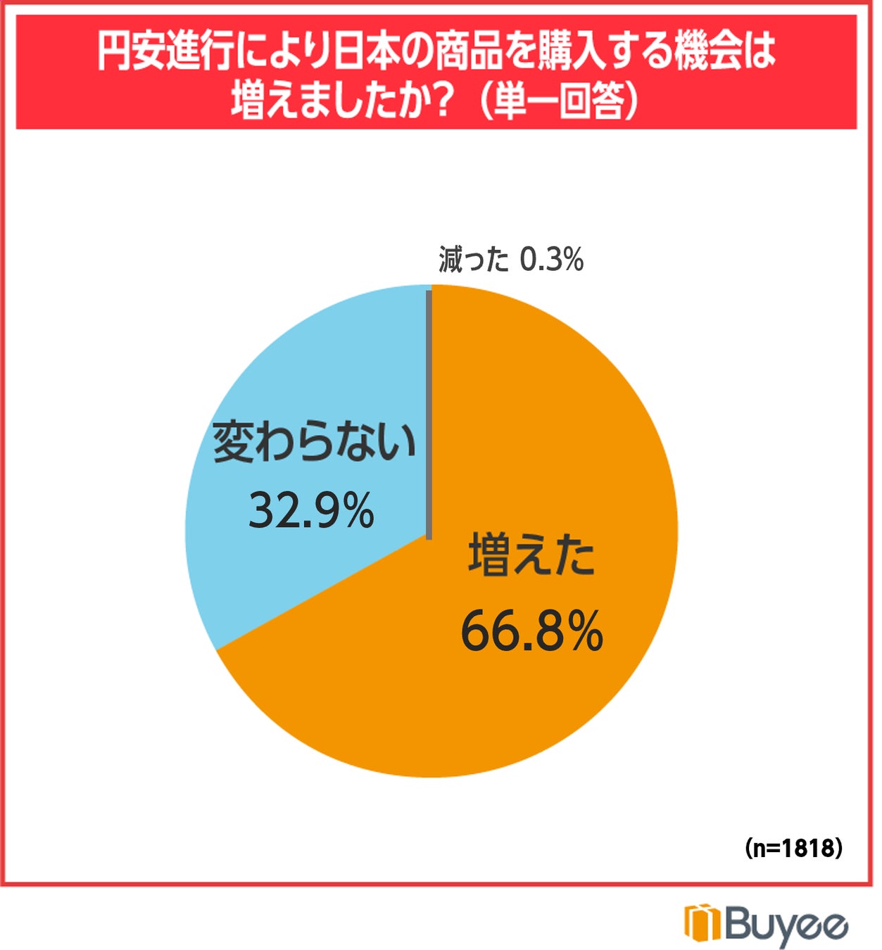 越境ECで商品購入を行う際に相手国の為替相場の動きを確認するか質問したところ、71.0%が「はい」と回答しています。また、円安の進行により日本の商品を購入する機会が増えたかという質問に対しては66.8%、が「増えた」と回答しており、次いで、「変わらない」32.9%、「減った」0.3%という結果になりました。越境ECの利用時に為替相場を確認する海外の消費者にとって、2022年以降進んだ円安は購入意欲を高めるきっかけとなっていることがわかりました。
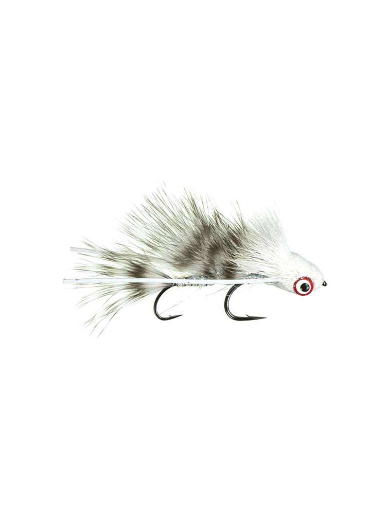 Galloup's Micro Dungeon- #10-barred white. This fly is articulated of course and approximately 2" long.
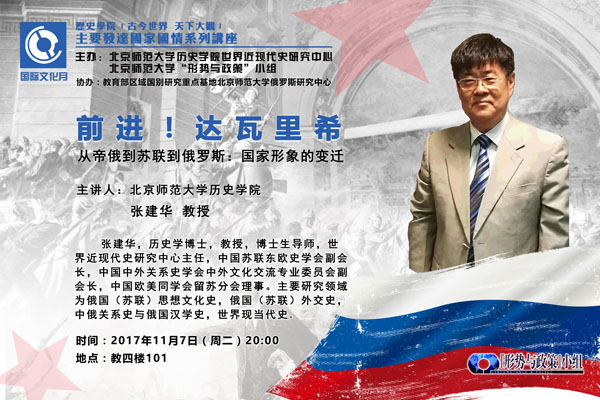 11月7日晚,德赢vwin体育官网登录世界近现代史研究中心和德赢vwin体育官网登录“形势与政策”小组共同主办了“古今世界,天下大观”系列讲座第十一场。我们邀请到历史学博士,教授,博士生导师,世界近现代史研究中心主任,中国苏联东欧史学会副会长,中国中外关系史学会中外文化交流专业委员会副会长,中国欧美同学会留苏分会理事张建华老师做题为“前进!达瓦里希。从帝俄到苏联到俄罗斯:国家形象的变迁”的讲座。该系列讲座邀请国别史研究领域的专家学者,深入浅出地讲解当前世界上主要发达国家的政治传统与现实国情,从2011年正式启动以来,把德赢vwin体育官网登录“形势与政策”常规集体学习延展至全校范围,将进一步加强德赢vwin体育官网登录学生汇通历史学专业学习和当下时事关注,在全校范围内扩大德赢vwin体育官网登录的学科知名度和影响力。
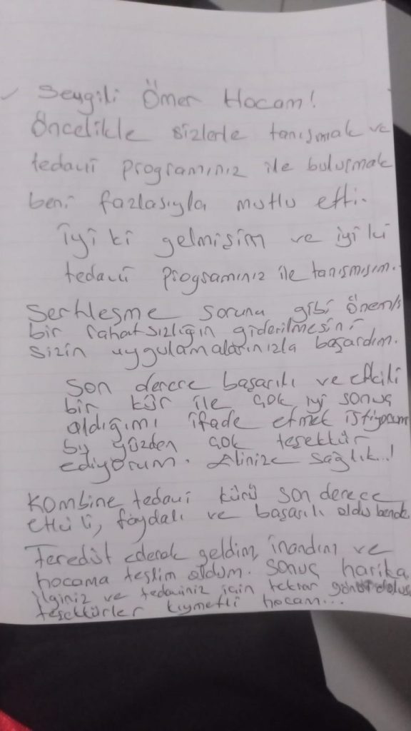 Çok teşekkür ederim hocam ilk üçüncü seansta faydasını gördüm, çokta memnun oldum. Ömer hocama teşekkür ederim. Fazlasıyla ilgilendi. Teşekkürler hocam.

What needs to be done:
When you repeat the data, keep every line exact and drop the images.

Result:
 越境ECで商品購入を行う際に相手国の為替相場の動きを確認するか質問したところ、71.0%が「はい」と回答しています。また、円安の進行により日本の商品を購入する機会が増えたかという質問に対しては66.8%、が「増えた」と回答しており、次いで、「変わらない」32.9%、「減った」0.3%という結果になりました。越境ECの利用時に為替相場を確認する海外の消費者にとって、2022年以降進んだ円安は購入意欲を高めるきっかけとなっていることがわかりました。
 Galloup's Micro Dungeon- #10-barred white. This fly is articulated of course and approximately 2" long.
 11月7日晚,德赢vwin体育官网登录世界近现代史研究中心和德赢vwin体育官网登录“形势与政策”小组共同主办了“古今世界,天下大观”系列讲座第十一场。我们邀请到历史学博士,教授,博士生导师,世界近现代史研究中心主任,中国苏联东欧史学会副会长,中国中外关系史学会中外文化交流专业委员会副会长,中国欧美同学会留苏分会理事张建华老师做题为“前进!达瓦里希。从帝俄到苏联到俄罗斯:国家形象的变迁”的讲座。该系列讲座邀请国别史研究领域的专家学者,深入浅出地讲解当前世界上主要发达国家的政治传统与现实国情,从2011年正式启动以来,把德赢vwin体育官网登录“形势与政策”常规集体学习延展至全校范围,将进一步加强德赢vwin体育官网登录学生汇通历史学专业学习和当下时事关注,在全校范围内扩大德赢vwin体育官网登录的学科知名度和影响力。
 Çok teşekkür ederim hocam ilk üçüncü seansta faydasını gördüm, çokta memnun oldum. Ömer hocama teşekkür ederim. Fazlasıyla ilgilendi. Teşekkürler hocam.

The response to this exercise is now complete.